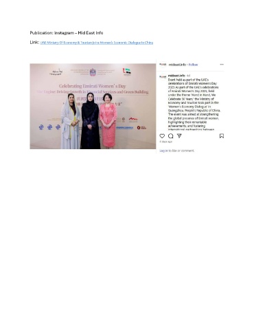 Publication: Instagram – Mid East Info Link: UAE Ministry Of Economy & Tourism Joins Women’s Economic Dialogue In China
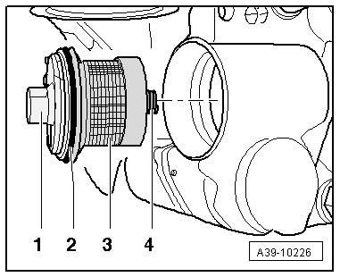 - Insert the spring - 4 - into the oil filter - 3 -.
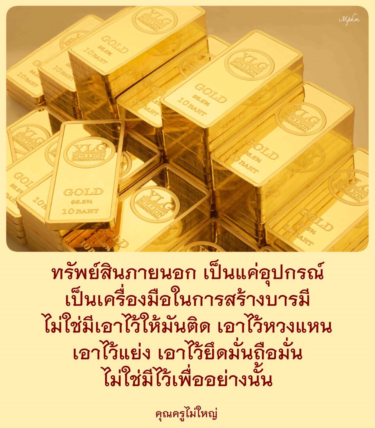 lotus ทรัพย์สินเป็นอุปกรณ์เครื่องมือในการสร้างบารมีเท่านั้น ••• ทรัพย์สินภายนอกเป็นแค่อุปกรณ์ เป็นเครื่องมือในการสร้างบารมี ไม่ใช่มีเอาไว้ให้มันติด เอาไว้หวงแหน เอาไว้แย่ง เอาไว้ยึดมั่นถือมั่น ไม่ใช่มีไว้เพื่ออย่างนั้น มีไว้แค่เป็นสะพาน เป็นอุปกรณ์ เป็นเครื่องมือสำหรับ ส่งต่อให้เข้าถึงกายธรรมอรหัต ••• เหมือนรถหลายๆ ผัด ที่ส่งต่อกันไป ให้ถึงที่หมายปลายทาง โดยปลอดภัยเท่านั้นแหละ ไม่ใช่มีเอาไว้ยึดมั่นถือมั่น ถ้าเรายังไม่ถึง เพราะมัวไปติดยึดกันอยู่อย่างนั้นแหละ ก็ต้องเวียนว่ายตายเกิดอยู่ร่ำไป ••• มันมีเครื่องที่ทำให้ดึงดูด ติดอยู่ในภพสาม อยู่ในกลางภพสามเลย แล้วก็ประกอบเหตุเอาไว้ บุญบาปประกอบกันอยู่ในนั้น ส่งไปเกิดตามภพภูมิต่างๆ ตามกำลังแห่งกรรมที่กระทำเอาไว้ ••• แต่ถ้าเข้าถึงกายธรรมอรหัตอย่างนี้หลุดไปเลย หลุดจากภพสาม หลุดหมด มีนิพพานเป็นที่ไป มีความสุขรองรับกันอยู่ ซึ่งผู้ที่เข้าถึงก็จะรู้ได้ด้วยตัวของตัวเอง sunflower ทบทวนโอวาทคุณครูไม่ใหญ่

■ **Exercise directions**: The listing above should be transcribed word for word, with its pictures left out.

■ **Written reply**:
 Publication: Instagram – Mid East Info Link: UAE Ministry Of Economy & Tourism Joins Women’s Economic Dialogue In China
 - Insert the spring - 4 - into the oil filter - 3 -.
 lotus ทรัพย์สินเป็นอุปกรณ์เครื่องมือในการสร้างบารมีเท่านั้น ••• ทรัพย์สินภายนอกเป็นแค่อุปกรณ์ เป็นเครื่องมือในการสร้างบารมี ไม่ใช่มีเอาไว้ให้มันติด เอาไว้หวงแหน เอาไว้แย่ง เอาไว้ยึดมั่นถือมั่น ไม่ใช่มีไว้เพื่ออย่างนั้น มีไว้แค่เป็นสะพาน เป็นอุปกรณ์ เป็นเครื่องมือสำหรับ ส่งต่อให้เข้าถึงกายธรรมอรหัต ••• เหมือนรถหลายๆ ผัด ที่ส่งต่อกันไป ให้ถึงที่หมายปลายทาง โดยปลอดภัยเท่านั้นแหละ ไม่ใช่มีเอาไว้ยึดมั่นถือมั่น ถ้าเรายังไม่ถึง เพราะมัวไปติดยึดกันอยู่อย่างนั้นแหละ ก็ต้องเวียนว่ายตายเกิดอยู่ร่ำไป ••• มันมีเครื่องที่ทำให้ดึงดูด ติดอยู่ในภพสาม อยู่ในกลางภพสามเลย แล้วก็ประกอบเหตุเอาไว้ บุญบาปประกอบกันอยู่ในนั้น ส่งไปเกิดตามภพภูมิต่างๆ ตามกำลังแห่งกรรมที่กระทำเอาไว้ ••• แต่ถ้าเข้าถึงกายธรรมอรหัตอย่างนี้หลุดไปเลย หลุดจากภพสาม หลุดหมด มีนิพพานเป็นที่ไป มีความสุขรองรับกันอยู่ ซึ่งผู้ที่เข้าถึงก็จะรู้ได้ด้วยตัวของตัวเอง sunflower ทบทวนโอวาทคุณครูไม่ใหญ่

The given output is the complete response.